:: INFORMATION PROVIDED ::
——

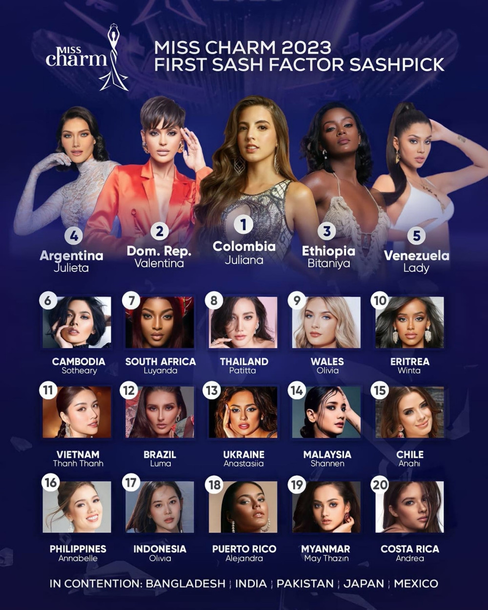 Tính đến thời điểm hiện tại, Miss Charm 2023 đã có 40 người đẹp, đến từ 40 quốc gia và vùng lãnh thổ ghi danh. Trước thềm cuộc thi, chuyên trang sắc đẹp quốc tế Sash Factor đã đưa ra BXH dự đoán đầu tiên. Theo đó, người đẹp Thanh Thanh Huyền đại diện cho Việt Nam được dự đoán sẽ giành vị trí thứ 11.
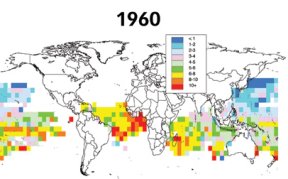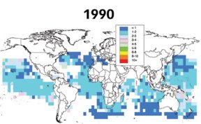 Long after some fish stocks sank below their maximally productive sizes, fisheries’ hauls continued to rise, says Pauly. As certain fishes became rare and individual fisheries–such as those that harvest California’s sardines and New England’s cod–collapsed, commercial fishers turned their attentions elsewhere. The discovery of more abundant fish stocks in less exploited waters masked for decades the falling yields of populations and species.
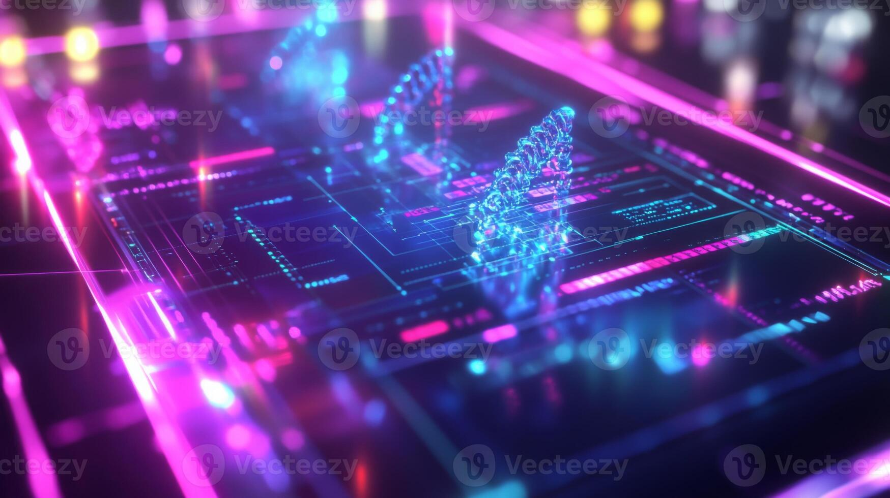 A vivid display of computer technology features intricate bio-inspired elements in a vibrant neon setting. Pro Photo

——

:: EXERCISE INSTRUCTIONS ::
Except for the pictures, give all the material above again verbatim.

:: SOLUTION ::
 Tính đến thời điểm hiện tại, Miss Charm 2023 đã có 40 người đẹp, đến từ 40 quốc gia và vùng lãnh thổ ghi danh. Trước thềm cuộc thi, chuyên trang sắc đẹp quốc tế Sash Factor đã đưa ra BXH dự đoán đầu tiên. Theo đó, người đẹp Thanh Thanh Huyền đại diện cho Việt Nam được dự đoán sẽ giành vị trí thứ 11.
 Long after some fish stocks sank below their maximally productive sizes, fisheries’ hauls continued to rise, says Pauly. As certain fishes became rare and individual fisheries–such as those that harvest California’s sardines and New England’s cod–collapsed, commercial fishers turned their attentions elsewhere. The discovery of more abundant fish stocks in less exploited waters masked for decades the falling yields of populations and species.
 A vivid display of computer technology features intricate bio-inspired elements in a vibrant neon setting. Pro Photo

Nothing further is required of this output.